*** INFORMATION PROVIDED ***

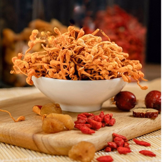 Nấm đông trùng hạ thảo: Cải thiện sức khỏe, giảm mệt mỏi và suy nhược, cải thiện chức năng não bộ, ức chế các tế bào ung thư, tăng cường sức đề kháng, trị mất ngủ, chống lão hóa, cải thiện bệnh về tim mạch, chống lại chứng viêm
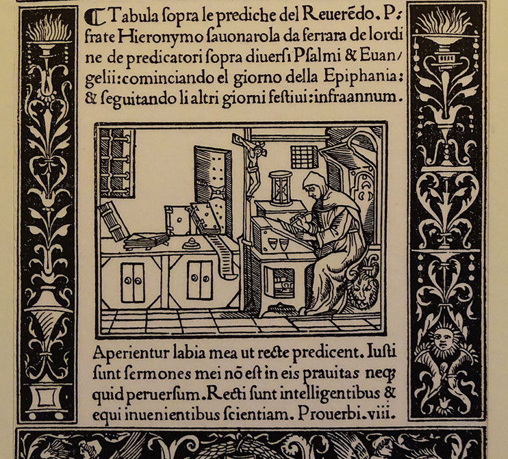 Holzschnitt. Savonarola in seinem Arbeitszimmer.
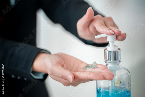 Young and young businessmen wash their hands with gel, alcohol, or soap to kill bacteria after the covid-19 virus has spread to prevent the spread of germs and bacteria.
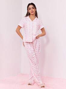 Kawaii Elegant Princess Style Sweet Floral Print Lapel Short Sleeve Shorts Pajama Set For Women, Summer
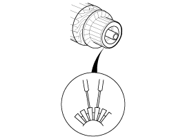 Loosen the brush holder mounting screw (A) and the trough bolts (B).

*** End of INFORMATION PROVIDED ***

EXERCISE DETAILS
What is needed is an exact copy of the data, with the pictures removed.

ANSWER TO THE PROBLEM
 Nấm đông trùng hạ thảo: Cải thiện sức khỏe, giảm mệt mỏi và suy nhược, cải thiện chức năng não bộ, ức chế các tế bào ung thư, tăng cường sức đề kháng, trị mất ngủ, chống lão hóa, cải thiện bệnh về tim mạch, chống lại chứng viêm
 Holzschnitt. Savonarola in seinem Arbeitszimmer.
 Young and young businessmen wash their hands with gel, alcohol, or soap to kill bacteria after the covid-19 virus has spread to prevent the spread of germs and bacteria.
 Kawaii Elegant Princess Style Sweet Floral Print Lapel Short Sleeve Shorts Pajama Set For Women, Summer
 Loosen the brush holder mounting screw (A) and the trough bolts (B).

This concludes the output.